By default Tcpcrypt is vulnerable to active attacks—an attacker can, for example, modify a server’s response to say that Tcpcrypt is not supported (when in fact it is) so that all subsequent traffic will be clear text and can thus be eavesdropped on.

Tcpcrypt, however, is powerful enough to stop active attacks, too, if the application using it performs authentication. For example, if you log in to online banking using a password and the connection is over Tcpcrypt, it is possible to use that shared secret between you and the bank (i.e., the password) to authenticate that you are actually speaking to the bank and not some active (man-in-the-middle) attacker. The attacker cannot spoof authentication as it lacks the password. Thus, by default, Tcpcrypt will try its best to protect your traffic. Applications requiring stricter guarantees can get them by authenticating a Tcpcrypt session.


Installing tcpcrypt

$ git clone git://github.com/scslab/tcpcrypt.git
$ cd tcpcrypt
$ ./bootstrap.sh
$ ./configure
$ make
$ sudo ./launch_tcpcryptd.sh


The launch script starts tcpcryptd and adds firewall rules to divert all TCP traffic — except that which is already encrypted, like SSH — to tcpcryptd. When the script exits (on Ctrl-C or kill), it restores your firewall config to its former state — no permanent changes are made.

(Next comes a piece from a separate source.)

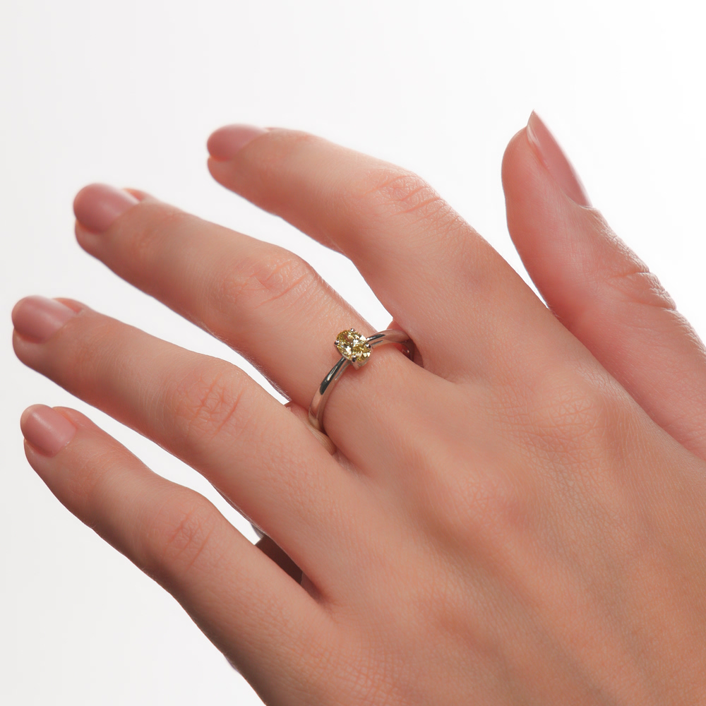 • Кольцо с 1 бриллиантом выращенным, 0.39 карат, огранка овал 57 граней, цвет Желтый, чистота 5, тип огранки А;

On Linux, you must first install libnfnetlink, libnetfilter_queue, and libcap.

Optional: running make install will install libtcpcrypt and tcpcrypt headers, for building apps that use tcpcrypt’s session ID.


Try it out

Go to http://tcpcrypt.org/test.php with tcpcryptd running. If tcpcrypt is working, you’ll be able to join the tcpcrypt Hall of Fame and your tcpcrypt session ID will be displayed at the bottom of the page.

Now let’s examine the packets going over the wire by starting tcpdump and then reloading the URL above.

sudo tcpdump -X -s0 host tcpcrypt.org

Compare this tcpdump output, which appears encrypted (or at least unreadable), with the cleartext packets you would see without tcpcryptd running.

A final netcat example:

$ sudo ./launch_tcpcryptd.sh & 
$ nc -l 7777 &
$ sudo tcpdump -i lo -n -s0 -vvvv -X tcp port 7777 &
$ echo hello, world! | nc localhost 7777
# clean up
$ sudo killall tcpcryptd tcpdump


Troubleshooting

If it’s not working, the most likely causes are the following.

ºYour browser already had an open, non-tcpcrypted TCP connection to tcpcrypt.org before you ran the launch script. Quit and reopen your browser, wait 30 seconds, or use a different browser to retrieve the tcpcrypt.org URL.

ºThere’s a conflict with your existing firewall rules. See the firewall setup section in the install guide for your platform.